WORK ITEM
Could the listing below be returned exactly, with its pictures left out?

DATA BLOCK below:

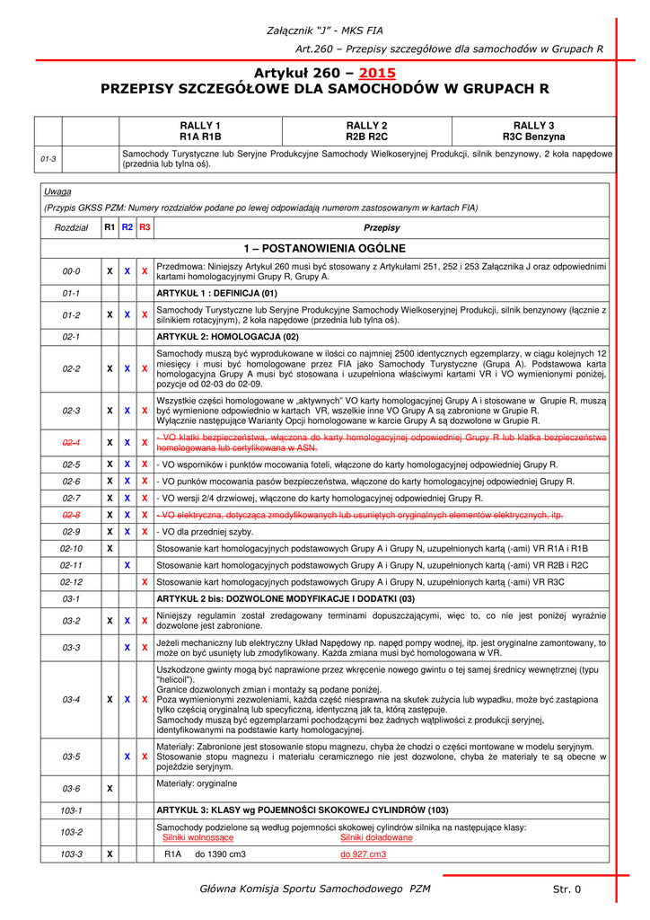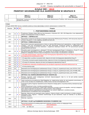 Załącznik “J” - MKS FIA Art.260 – Przepisy szczegółowe dla samochodów w Grupach R Artykuł 260 – 2015 PRZEPISY SZCZEGÓŁOWE DLA SAMOCHODÓW W GRUPACH R RALLY 1 R1A R1B RALLY 2 R2B R2C RALLY 3 R3C Benzyna Samochody Turystyczne lub Seryjne Produkcyjne Samochody Wielkoseryjnej Produkcji, silnik benzynowy, 2 koła napędowe (przednia lub tylna oś). 01-3 Uwaga (Przypis GKSS PZM: Numery rozdziałów podane po lewej odpowiadają numerom zastosowanym w kartach FIA) Rozdział R1 R2 R3 Przepisy 1 – POSTANOWIENIA OGÓLNE 00-0 X X X ARTYKUŁ 1 : DEFINICJA (01) 01-1 01-2 Przedmowa: Niniejszy Artykuł 260 musi być stosowany z Artykułami 251, 252 i 253 Załącznika J oraz odpowiednimi kartami homologacyjnymi Grupy R, Grupy A. X X X Samochody Turystyczne lub Seryjne Produkcyjne Samochody Wielkoseryjnej Produkcji, silnik benzynowy (łącznie z silnikiem rotacyjnym), 2 koła napędowe (przednia lub tylna oś). 02-1 ARTYKUŁ 2: HOMOLOGACJA (02) 02-2 X X X Samochody muszą być wyprodukowane w ilości co najmniej 2500 identycznych egzemplarzy, w ciągu kolejnych 12 miesięcy i musi być homologowane przez FIA jako Samochody Turystyczne (Grupa A). Podstawowa karta homologacyjna Grupy A musi być stosowana i uzupełniona właściwymi kartami VR i VO wymienionymi poniżej, pozycje od 02-03 do 02-09. 02-3 X X X Wszystkie części homologowane w „aktywnych” VO karty homologacyjnej Grupy A i stosowane w Grupie R, muszą być wymienione odpowiednio w kartach VR, wszelkie inne VO Grupy A są zabronione w Grupie R. Wyłącznie następujące Warianty Opcji homologowane w karcie Grupy A są dozwolone w Grupie R. 02-4 X X X - VO klatki bezpieczeństwa, włączona do karty homologacyjnej odpowiedniej Grupy R lub klatka bezpieczeństwa homologowana lub certyfikowana w ASN. 02-5 X X X - VO wsporników i punktów mocowania foteli, włączone do karty homologacyjnej odpowiedniej Grupy R. 02-6 X X X - VO punków mocowania pasów bezpieczeństwa, włączone do karty homologacyjnej odpowiedniej Grupy R. 02-7 X X X - VO wersji 2/4 drzwiowej, włączone do karty homologacyjnej odpowiedniej Grupy R. 02-8 X X X - VO elektryczna, dotycząca zmodyfikowanych lub usuniętych oryginalnych elementów elektrycznych, itp. 02-9 X X X - VO dla przedniej szyby. 02-10 X Stosowanie kart homologacyjnych podstawowych Grupy A i Grupy N, uzupełnionych kartą (-ami) VR R1A i R1B X 02-11 Stosowanie kart homologacyjnych podstawowych Grupy A i Grupy N, uzupełnionych kartą (-ami) VR R2B i R2C X 02-12 03-2 X 03-3 03-4 X 03-5 03-6 Stosowanie kart homologacyjnych podstawowych Grupy A i Grupy N, uzupełnionych kartą (-ami) VR R3C ARTYKUŁ 2 bis: DOZWOLONE MODYFIKACJE I DODATKI (03) 03-1 X X X Niniejszy regulamin został zredagowany terminami dopuszczającymi, więc to, co nie jest poniżej wyraźnie dozwolone jest zabronione. X X Jeżeli mechaniczny lub elektryczny Układ Napędowy np. napęd pompy wodnej, itp. jest oryginalne zamontowany, to może on być usunięty lub zmodyfikowany. Każda zmiana musi być homologowana w VR. X X Uszkodzone gwinty mogą być naprawione przez wkręcenie nowego gwintu o tej samej średnicy wewnętrznej (typu "helicoil"). Granice dozwolonych zmian i montaży są podane poniżej. Poza wymienionymi zezwoleniami, każda część niesprawna na skutek zużycia lub wypadku, może być zastąpiona tylko częścią oryginalną lub specyficzną, identyczną jak ta, którą zastępuje. Samochody muszą być egzemplarzami pochodzącymi bez żadnych wątpliwości z produkcji seryjnej, identyfikowanymi na podstawie karty homologacyjnej. X X Materiały: Zabronione jest stosowanie stopu magnezu, chyba że chodzi o części montowane w modelu seryjnym. Stosowanie stopu magnezu i materiału ceramicznego nie jest dozwolone, chyba że materiały te są obecne w pojeździe seryjnym. Materiały: oryginalne 103-1 ARTYKUŁ 3: KLASY wg POJEMNOŚCI SKOKOWEJ CYLINDRÓW (103) 103-2 Samochody podzielone są według pojemności skokowej cylindrów silnika na następujące klasy: Silniki wolnossące Silniki doładowane 103-3 X R1A do 1390 cm3 do 927 cm3 Główna Komisja Sportu Samochodowego PZM Str. 0 Załącznik “J” MKS FIA Art.260 – Przepisy szczegółowe dla samochodów Grupy R 103-4 X R1B ponad 1390 cm3 do 1600 cm3 powyżej 927 cm3 do 1067 cm3 103-5 X R2B ponad 1390 cm3 do 1600 cm3 powyżej 927 cm3 do 1067 cm3 103-6 X R2C ponad 1600 cm3 do 2000 cm3 powyżej 1067 cm3 do 1333 cm3 R3C ponad 1600 cm3 do 2000 cm3 powyżej 1067 cm3 do 1333 cm3 X 103-7 ARTYKUŁ 4 : LICZBA MIEJSC (106) 106-1 106-2 X X X Samochody muszą mieć co najmniej cztery miejsca do siedzenia, zgodnie z wymiarami określonymi dla Samochodów Turystycznych (Grupa A). 2 – WYMIARY, MASA 201-01 MASA MINIMALNA (201) 201-02 Samochody muszą mieć co najmniej następującą masę: 201-03 X R1A 980 Kg X R1B 1030 Kg X R2B 1030 Kg X R2C 1080 Kg R3C 1080 Kg 201-04 X 201-05 201-06 X X X PRZEŚWIT (205) 205-1 205-2 Jest to rzeczywista masa samochodu, bez kierowcy, bez pilota, bez ich wyposażenia i maksymalnie z jednym kołem zapasowym. W przypadku, gdy w samochodzie są przewożone 2 koła zapasowe, drugie koło zapasowe musi być usunięte przed ważeniem. Stosowanie balastu jest dozwolone zgodnie z Art. 252-2.2. Wszystkie zbiorniki płynów (do smarowania, chłodzenia, hamowania, ewentualnie ogrzewania) muszą być napełnione do poziomu przewidzianego przez producenta. Nie dotyczy to jednak zbiorników spryskiwacza przedniej szyby, i reflektorów świateł przednich, oraz zbiornika paliwa i zbiornika wody do spryskiwacza intercoolera (jeżeli jest homologowany), które muszą być puste. Minimalna masa samochodu może być zmierzona razem z załogą znajdująca się w kabinie (kierowca + pilot + kompletne wyposażenie kierowcy i pilota) i wynosić: minimalna masa określona w ustępach 201-03&04&05 + 160 kg. Ponadto, masa określona w ustępach 201-03&04&05 musi być również przestrzegana. X Musi być w każdej chwili większy lub równy wartości podanej w 
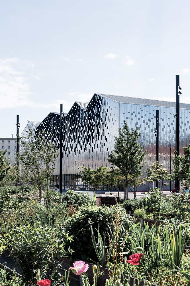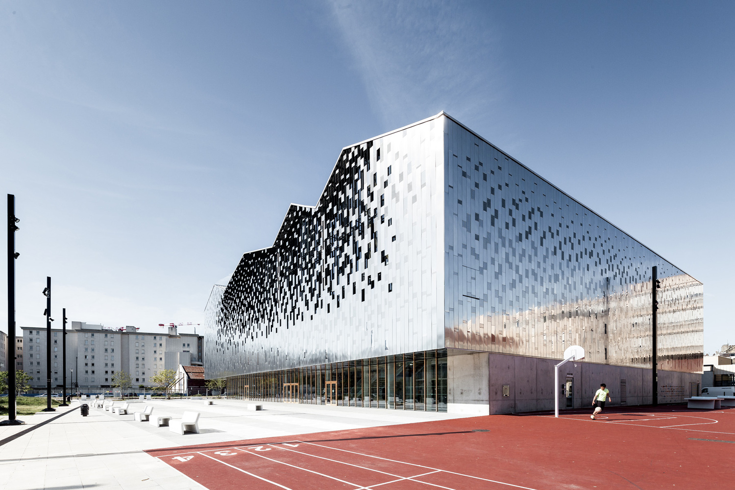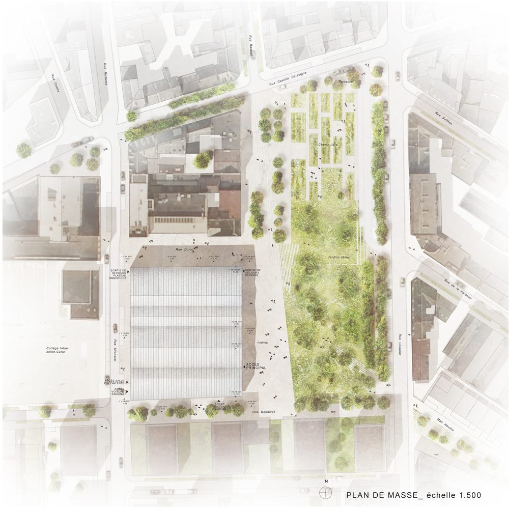 The project is part of a simple plan that completes the framework of a new public square intended to unite the neighborhood. Its facades are kindly aligned with those of the neighboring streets to underline the shape of this vast collective space which combines an ample mineral mall with intimate gardens. The building draws its genesis from the archetypal morphology of the brick warehouses that populated the neighboring docks. This urban landscape, crenelated with double-pitched roofs, is undeniably linked to the heritage of Le Havre to the point of making it a familiar vector of well-being. The project reproduces their profile to perpetuate their almost melancholy symbol, that of a flourishing and peaceful era. It also pays homage to the simple beauty of their capable large volumes by attributing their efficiency to sports spaces.
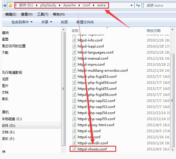 A、進入PHP環境(以PHPstudy為列,其他的對應修改方法)此路徑,用記事本打開httpd-vhosts.conf 文件

End of DATA BLOCK.

FINAL ANSWER
 Załącznik “J” - MKS FIA Art.260 – Przepisy szczegółowe dla samochodów w Grupach R Artykuł 260 – 2015 PRZEPISY SZCZEGÓŁOWE DLA SAMOCHODÓW W GRUPACH R RALLY 1 R1A R1B RALLY 2 R2B R2C RALLY 3 R3C Benzyna Samochody Turystyczne lub Seryjne Produkcyjne Samochody Wielkoseryjnej Produkcji, silnik benzynowy, 2 koła napędowe (przednia lub tylna oś). 01-3 Uwaga (Przypis GKSS PZM: Numery rozdziałów podane po lewej odpowiadają numerom zastosowanym w kartach FIA) Rozdział R1 R2 R3 Przepisy 1 – POSTANOWIENIA OGÓLNE 00-0 X X X ARTYKUŁ 1 : DEFINICJA (01) 01-1 01-2 Przedmowa: Niniejszy Artykuł 260 musi być stosowany z Artykułami 251, 252 i 253 Załącznika J oraz odpowiednimi kartami homologacyjnymi Grupy R, Grupy A. X X X Samochody Turystyczne lub Seryjne Produkcyjne Samochody Wielkoseryjnej Produkcji, silnik benzynowy (łącznie z silnikiem rotacyjnym), 2 koła napędowe (przednia lub tylna oś). 02-1 ARTYKUŁ 2: HOMOLOGACJA (02) 02-2 X X X Samochody muszą być wyprodukowane w ilości co najmniej 2500 identycznych egzemplarzy, w ciągu kolejnych 12 miesięcy i musi być homologowane przez FIA jako Samochody Turystyczne (Grupa A). Podstawowa karta homologacyjna Grupy A musi być stosowana i uzupełniona właściwymi kartami VR i VO wymienionymi poniżej, pozycje od 02-03 do 02-09. 02-3 X X X Wszystkie części homologowane w „aktywnych” VO karty homologacyjnej Grupy A i stosowane w Grupie R, muszą być wymienione odpowiednio w kartach VR, wszelkie inne VO Grupy A są zabronione w Grupie R. Wyłącznie następujące Warianty Opcji homologowane w karcie Grupy A są dozwolone w Grupie R. 02-4 X X X - VO klatki bezpieczeństwa, włączona do karty homologacyjnej odpowiedniej Grupy R lub klatka bezpieczeństwa homologowana lub certyfikowana w ASN. 02-5 X X X - VO wsporników i punktów mocowania foteli, włączone do karty homologacyjnej odpowiedniej Grupy R. 02-6 X X X - VO punków mocowania pasów bezpieczeństwa, włączone do karty homologacyjnej odpowiedniej Grupy R. 02-7 X X X - VO wersji 2/4 drzwiowej, włączone do karty homologacyjnej odpowiedniej Grupy R. 02-8 X X X - VO elektryczna, dotycząca zmodyfikowanych lub usuniętych oryginalnych elementów elektrycznych, itp. 02-9 X X X - VO dla przedniej szyby. 02-10 X Stosowanie kart homologacyjnych podstawowych Grupy A i Grupy N, uzupełnionych kartą (-ami) VR R1A i R1B X 02-11 Stosowanie kart homologacyjnych podstawowych Grupy A i Grupy N, uzupełnionych kartą (-ami) VR R2B i R2C X 02-12 03-2 X 03-3 03-4 X 03-5 03-6 Stosowanie kart homologacyjnych podstawowych Grupy A i Grupy N, uzupełnionych kartą (-ami) VR R3C ARTYKUŁ 2 bis: DOZWOLONE MODYFIKACJE I DODATKI (03) 03-1 X X X Niniejszy regulamin został zredagowany terminami dopuszczającymi, więc to, co nie jest poniżej wyraźnie dozwolone jest zabronione. X X Jeżeli mechaniczny lub elektryczny Układ Napędowy np. napęd pompy wodnej, itp. jest oryginalne zamontowany, to może on być usunięty lub zmodyfikowany. Każda zmiana musi być homologowana w VR. X X Uszkodzone gwinty mogą być naprawione przez wkręcenie nowego gwintu o tej samej średnicy wewnętrznej (typu "helicoil"). Granice dozwolonych zmian i montaży są podane poniżej. Poza wymienionymi zezwoleniami, każda część niesprawna na skutek zużycia lub wypadku, może być zastąpiona tylko częścią oryginalną lub specyficzną, identyczną jak ta, którą zastępuje. Samochody muszą być egzemplarzami pochodzącymi bez żadnych wątpliwości z produkcji seryjnej, identyfikowanymi na podstawie karty homologacyjnej. X X Materiały: Zabronione jest stosowanie stopu magnezu, chyba że chodzi o części montowane w modelu seryjnym. Stosowanie stopu magnezu i materiału ceramicznego nie jest dozwolone, chyba że materiały te są obecne w pojeździe seryjnym. Materiały: oryginalne 103-1 ARTYKUŁ 3: KLASY wg POJEMNOŚCI SKOKOWEJ CYLINDRÓW (103) 103-2 Samochody podzielone są według pojemności skokowej cylindrów silnika na następujące klasy: Silniki wolnossące Silniki doładowane 103-3 X R1A do 1390 cm3 do 927 cm3 Główna Komisja Sportu Samochodowego PZM Str. 0 Załącznik “J” MKS FIA Art.260 – Przepisy szczegółowe dla samochodów Grupy R 103-4 X R1B ponad 1390 cm3 do 1600 cm3 powyżej 927 cm3 do 1067 cm3 103-5 X R2B ponad 1390 cm3 do 1600 cm3 powyżej 927 cm3 do 1067 cm3 103-6 X R2C ponad 1600 cm3 do 2000 cm3 powyżej 1067 cm3 do 1333 cm3 R3C ponad 1600 cm3 do 2000 cm3 powyżej 1067 cm3 do 1333 cm3 X 103-7 ARTYKUŁ 4 : LICZBA MIEJSC (106) 106-1 106-2 X X X Samochody muszą mieć co najmniej cztery miejsca do siedzenia, zgodnie z wymiarami określonymi dla Samochodów Turystycznych (Grupa A). 2 – WYMIARY, MASA 201-01 MASA MINIMALNA (201) 201-02 Samochody muszą mieć co najmniej następującą masę: 201-03 X R1A 980 Kg X R1B 1030 Kg X R2B 1030 Kg X R2C 1080 Kg R3C 1080 Kg 201-04 X 201-05 201-06 X X X PRZEŚWIT (205) 205-1 205-2 Jest to rzeczywista masa samochodu, bez kierowcy, bez pilota, bez ich wyposażenia i maksymalnie z jednym kołem zapasowym. W przypadku, gdy w samochodzie są przewożone 2 koła zapasowe, drugie koło zapasowe musi być usunięte przed ważeniem. Stosowanie balastu jest dozwolone zgodnie z Art. 252-2.2. Wszystkie zbiorniki płynów (do smarowania, chłodzenia, hamowania, ewentualnie ogrzewania) muszą być napełnione do poziomu przewidzianego przez producenta. Nie dotyczy to jednak zbiorników spryskiwacza przedniej szyby, i reflektorów świateł przednich, oraz zbiornika paliwa i zbiornika wody do spryskiwacza intercoolera (jeżeli jest homologowany), które muszą być puste. Minimalna masa samochodu może być zmierzona razem z załogą znajdująca się w kabinie (kierowca + pilot + kompletne wyposażenie kierowcy i pilota) i wynosić: minimalna masa określona w ustępach 201-03&04&05 + 160 kg. Ponadto, masa określona w ustępach 201-03&04&05 musi być również przestrzegana. X Musi być w każdej chwili większy lub równy wartości podanej w 
 The project is part of a simple plan that completes the framework of a new public square intended to unite the neighborhood. Its facades are kindly aligned with those of the neighboring streets to underline the shape of this vast collective space which combines an ample mineral mall with intimate gardens. The building draws its genesis from the archetypal morphology of the brick warehouses that populated the neighboring docks. This urban landscape, crenelated with double-pitched roofs, is undeniably linked to the heritage of Le Havre to the point of making it a familiar vector of well-being. The project reproduces their profile to perpetuate their almost melancholy symbol, that of a flourishing and peaceful era. It also pays homage to the simple beauty of their capable large volumes by attributing their efficiency to sports spaces.
 A、進入PHP環境(以PHPstudy為列,其他的對應修改方法)此路徑,用記事本打開httpd-vhosts.conf 文件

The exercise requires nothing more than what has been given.